COLLECTED MATERIAL section start

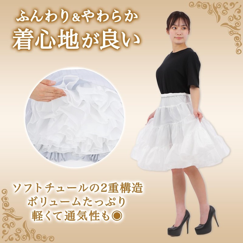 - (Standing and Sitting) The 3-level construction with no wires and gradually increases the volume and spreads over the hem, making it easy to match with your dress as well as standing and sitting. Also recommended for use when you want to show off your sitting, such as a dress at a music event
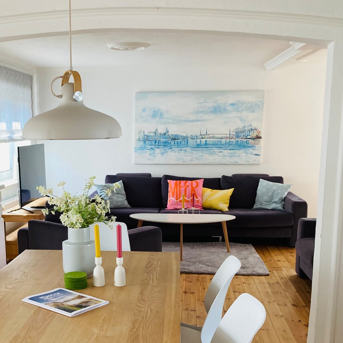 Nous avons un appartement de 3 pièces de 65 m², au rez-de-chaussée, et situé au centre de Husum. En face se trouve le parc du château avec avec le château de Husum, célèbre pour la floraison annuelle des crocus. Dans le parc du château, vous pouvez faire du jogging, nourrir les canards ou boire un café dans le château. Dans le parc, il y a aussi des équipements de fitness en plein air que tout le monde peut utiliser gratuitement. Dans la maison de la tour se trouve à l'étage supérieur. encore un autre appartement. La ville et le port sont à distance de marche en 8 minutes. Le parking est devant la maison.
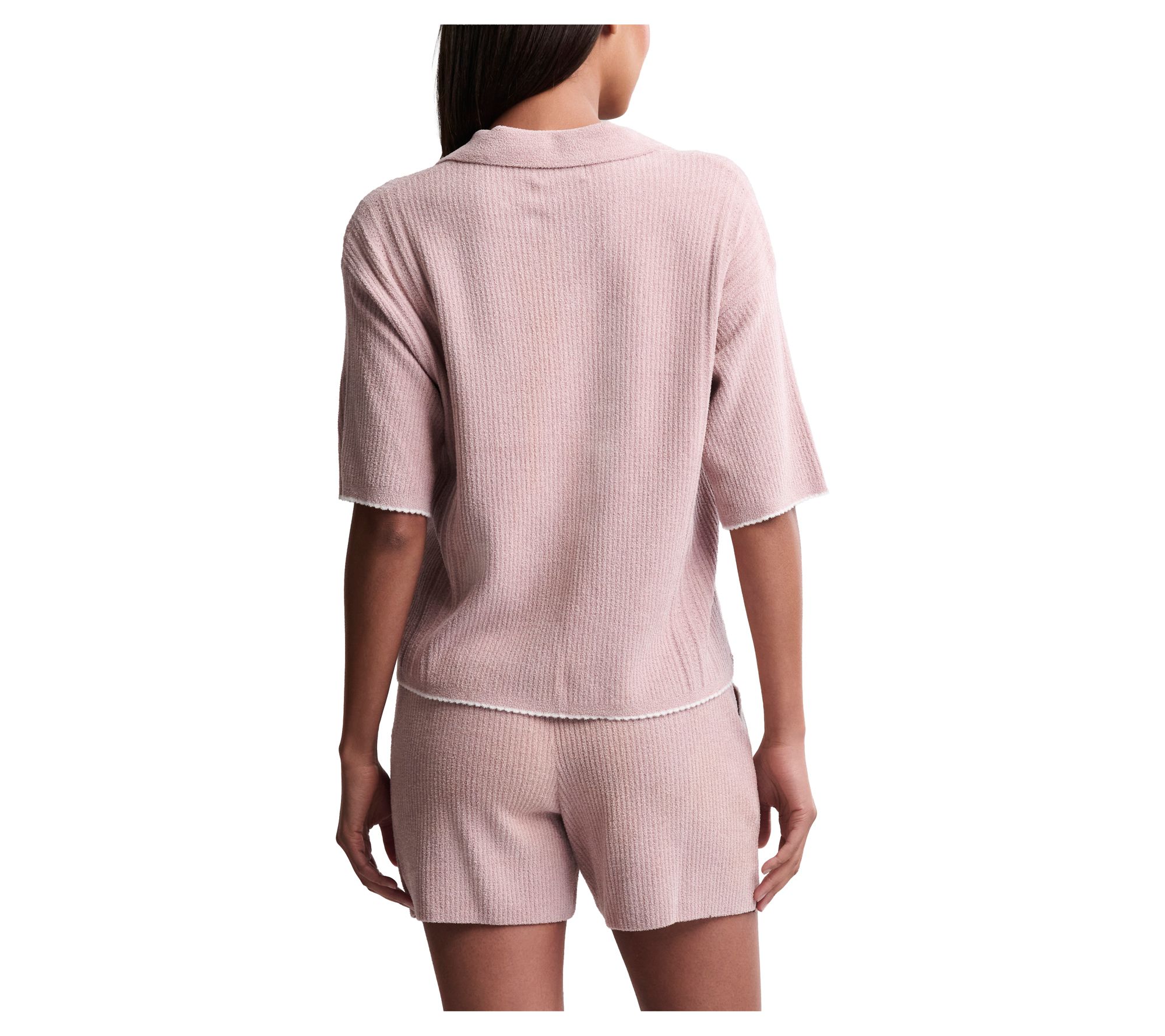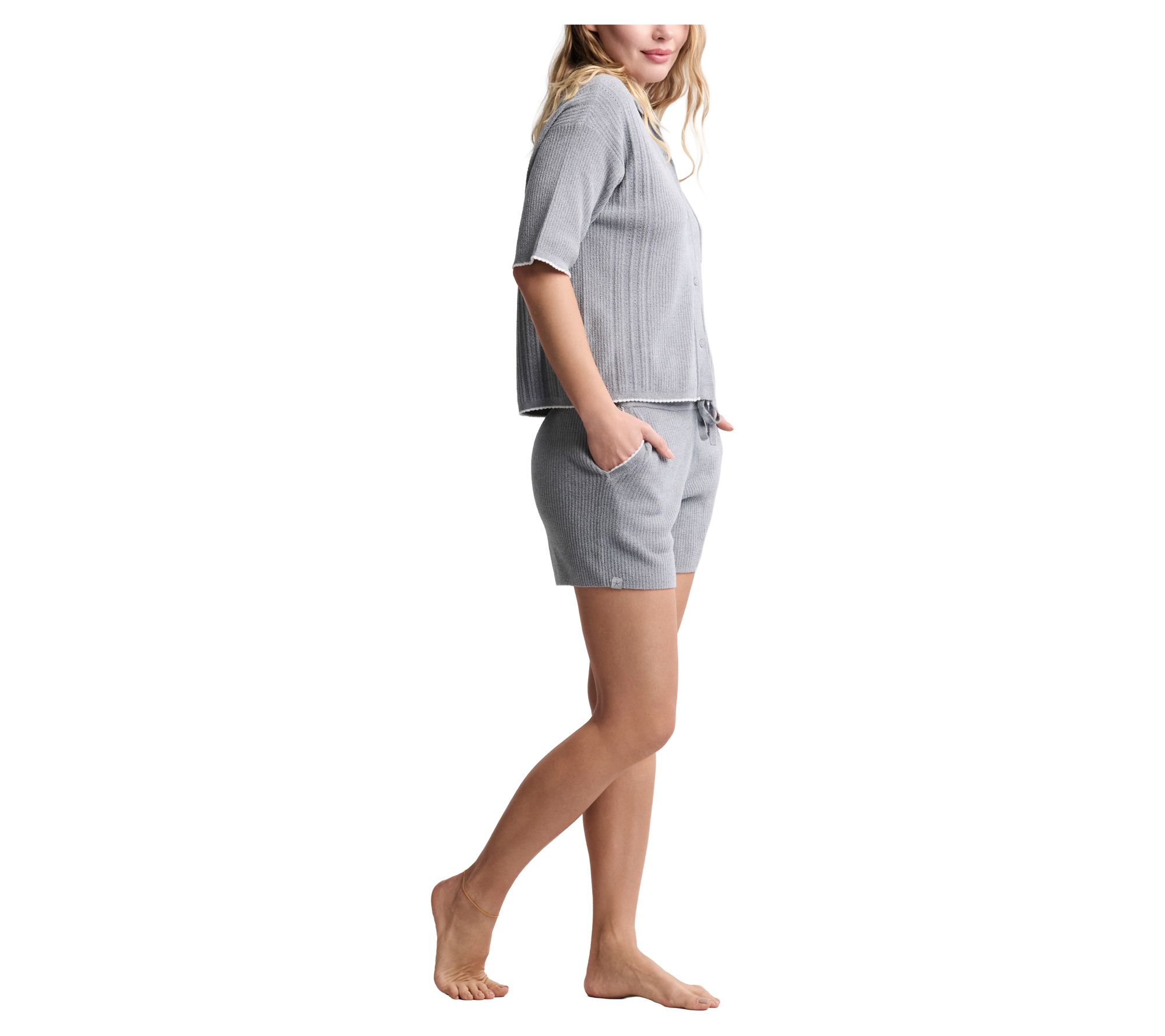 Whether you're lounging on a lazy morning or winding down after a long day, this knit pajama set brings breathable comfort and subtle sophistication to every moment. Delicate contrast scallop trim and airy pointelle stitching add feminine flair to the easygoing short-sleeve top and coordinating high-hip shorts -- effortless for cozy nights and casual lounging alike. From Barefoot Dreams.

COLLECTED MATERIAL section end

WHAT TO PRODUCE → Return the lines of the data above in full and exactly, with no pictures.

TASK RESPONSE →
 - (Standing and Sitting) The 3-level construction with no wires and gradually increases the volume and spreads over the hem, making it easy to match with your dress as well as standing and sitting. Also recommended for use when you want to show off your sitting, such as a dress at a music event
 Nous avons un appartement de 3 pièces de 65 m², au rez-de-chaussée, et situé au centre de Husum. En face se trouve le parc du château avec avec le château de Husum, célèbre pour la floraison annuelle des crocus. Dans le parc du château, vous pouvez faire du jogging, nourrir les canards ou boire un café dans le château. Dans le parc, il y a aussi des équipements de fitness en plein air que tout le monde peut utiliser gratuitement. Dans la maison de la tour se trouve à l'étage supérieur. encore un autre appartement. La ville et le port sont à distance de marche en 8 minutes. Le parking est devant la maison.
 Whether you're lounging on a lazy morning or winding down after a long day, this knit pajama set brings breathable comfort and subtle sophistication to every moment. Delicate contrast scallop trim and airy pointelle stitching add feminine flair to the easygoing short-sleeve top and coordinating high-hip shorts -- effortless for cozy nights and casual lounging alike. From Barefoot Dreams.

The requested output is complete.